(Work instructions)
The task for the listing below is to write out exactly the lines starting at the one containing "En la tradicional" and ending at the one containing "63 Vintage Mini", both included. Pictures are to be omitted.

(Data for review)
* * * *

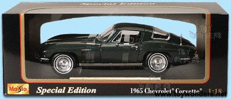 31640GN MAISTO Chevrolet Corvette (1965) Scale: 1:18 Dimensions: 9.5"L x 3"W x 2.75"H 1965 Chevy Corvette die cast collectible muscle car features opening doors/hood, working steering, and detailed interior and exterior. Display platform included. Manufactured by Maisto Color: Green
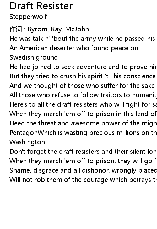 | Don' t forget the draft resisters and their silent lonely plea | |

* * * *

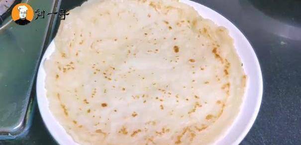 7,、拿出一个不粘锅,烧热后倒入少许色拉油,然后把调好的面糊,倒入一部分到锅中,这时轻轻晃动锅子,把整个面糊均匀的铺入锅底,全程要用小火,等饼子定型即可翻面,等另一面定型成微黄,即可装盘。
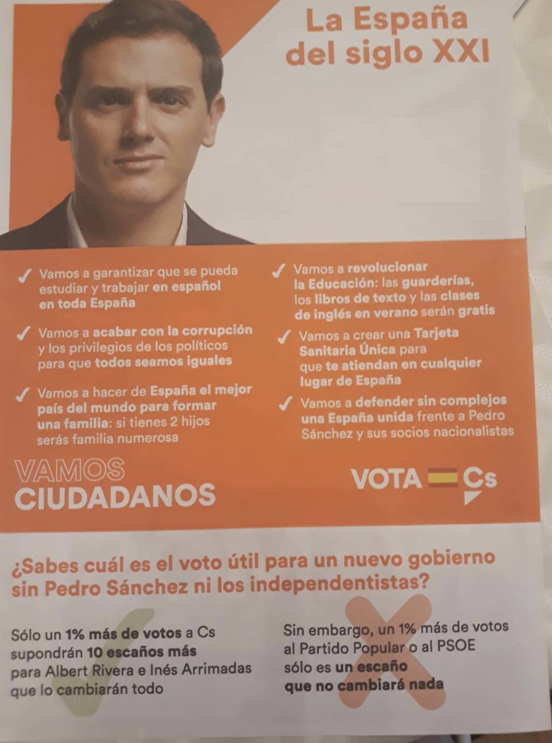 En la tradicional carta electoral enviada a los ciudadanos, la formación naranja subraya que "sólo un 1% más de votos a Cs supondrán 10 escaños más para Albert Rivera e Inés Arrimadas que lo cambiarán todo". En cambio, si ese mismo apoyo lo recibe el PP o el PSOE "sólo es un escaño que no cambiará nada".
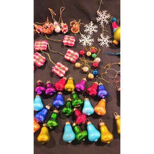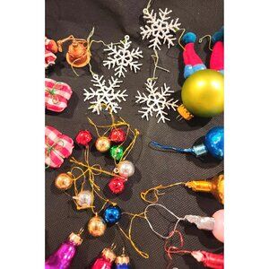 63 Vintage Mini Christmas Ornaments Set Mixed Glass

* * * *

(Result of this exercise)
 En la tradicional carta electoral enviada a los ciudadanos, la formación naranja subraya que "sólo un 1% más de votos a Cs supondrán 10 escaños más para Albert Rivera e Inés Arrimadas que lo cambiarán todo". En cambio, si ese mismo apoyo lo recibe el PP o el PSOE "sólo es un escaño que no cambiará nada".
 63 Vintage Mini Christmas Ornaments Set Mixed Glass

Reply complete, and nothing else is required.